*Input data*.
○ ○ ○ ○ ○ ○ ○

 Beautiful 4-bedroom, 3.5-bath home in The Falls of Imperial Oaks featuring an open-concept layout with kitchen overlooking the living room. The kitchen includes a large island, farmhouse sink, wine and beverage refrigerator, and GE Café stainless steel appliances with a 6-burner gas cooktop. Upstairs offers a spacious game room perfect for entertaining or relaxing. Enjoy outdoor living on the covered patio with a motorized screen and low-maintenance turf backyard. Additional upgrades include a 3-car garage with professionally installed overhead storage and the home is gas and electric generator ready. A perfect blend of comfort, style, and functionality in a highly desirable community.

○ ○ ○ ○ ○ ○ ○

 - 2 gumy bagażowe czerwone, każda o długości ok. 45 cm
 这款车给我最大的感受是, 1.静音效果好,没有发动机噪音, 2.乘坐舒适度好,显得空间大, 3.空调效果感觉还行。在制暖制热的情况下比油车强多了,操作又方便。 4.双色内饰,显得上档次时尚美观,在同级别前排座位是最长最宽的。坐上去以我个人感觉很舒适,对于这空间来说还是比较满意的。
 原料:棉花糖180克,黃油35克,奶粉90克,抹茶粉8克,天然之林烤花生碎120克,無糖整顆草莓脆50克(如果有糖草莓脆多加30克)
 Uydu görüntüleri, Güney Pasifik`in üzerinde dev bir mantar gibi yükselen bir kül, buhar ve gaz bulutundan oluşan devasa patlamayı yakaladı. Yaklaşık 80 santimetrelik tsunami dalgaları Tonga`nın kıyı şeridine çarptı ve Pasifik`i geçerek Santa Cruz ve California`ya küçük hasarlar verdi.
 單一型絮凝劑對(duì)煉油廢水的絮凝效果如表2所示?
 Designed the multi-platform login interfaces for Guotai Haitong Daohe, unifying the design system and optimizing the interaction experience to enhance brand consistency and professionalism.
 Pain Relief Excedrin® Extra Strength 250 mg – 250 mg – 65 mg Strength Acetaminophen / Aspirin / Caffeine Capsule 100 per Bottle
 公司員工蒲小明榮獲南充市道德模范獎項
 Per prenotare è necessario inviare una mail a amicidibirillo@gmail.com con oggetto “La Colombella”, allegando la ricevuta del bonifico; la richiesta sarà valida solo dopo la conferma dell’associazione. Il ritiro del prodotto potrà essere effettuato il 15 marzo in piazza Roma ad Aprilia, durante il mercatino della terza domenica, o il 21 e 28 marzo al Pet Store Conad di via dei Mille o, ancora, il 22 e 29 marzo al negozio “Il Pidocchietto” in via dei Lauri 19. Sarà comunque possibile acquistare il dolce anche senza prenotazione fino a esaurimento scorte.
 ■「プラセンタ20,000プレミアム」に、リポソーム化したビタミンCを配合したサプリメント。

○ ○ ○ ○ ○ ○ ○

*Instructions to follow*. Give back, exactly as written, the stretch from the line with "原料:棉花糖180克,黃油3" through the line with "公司員工蒲小明榮獲南充市道德模范獎項", and no other lines from the records above.

*Reply*.
 原料:棉花糖180克,黃油35克,奶粉90克,抹茶粉8克,天然之林烤花生碎120克,無糖整顆草莓脆50克(如果有糖草莓脆多加30克)
 Uydu görüntüleri, Güney Pasifik`in üzerinde dev bir mantar gibi yükselen bir kül, buhar ve gaz bulutundan oluşan devasa patlamayı yakaladı. Yaklaşık 80 santimetrelik tsunami dalgaları Tonga`nın kıyı şeridine çarptı ve Pasifik`i geçerek Santa Cruz ve California`ya küçük hasarlar verdi.
 單一型絮凝劑對(duì)煉油廢水的絮凝效果如表2所示?
 Designed the multi-platform login interfaces for Guotai Haitong Daohe, unifying the design system and optimizing the interaction experience to enhance brand consistency and professionalism.
 Pain Relief Excedrin® Extra Strength 250 mg – 250 mg – 65 mg Strength Acetaminophen / Aspirin / Caffeine Capsule 100 per Bottle
 公司員工蒲小明榮獲南充市道德模范獎項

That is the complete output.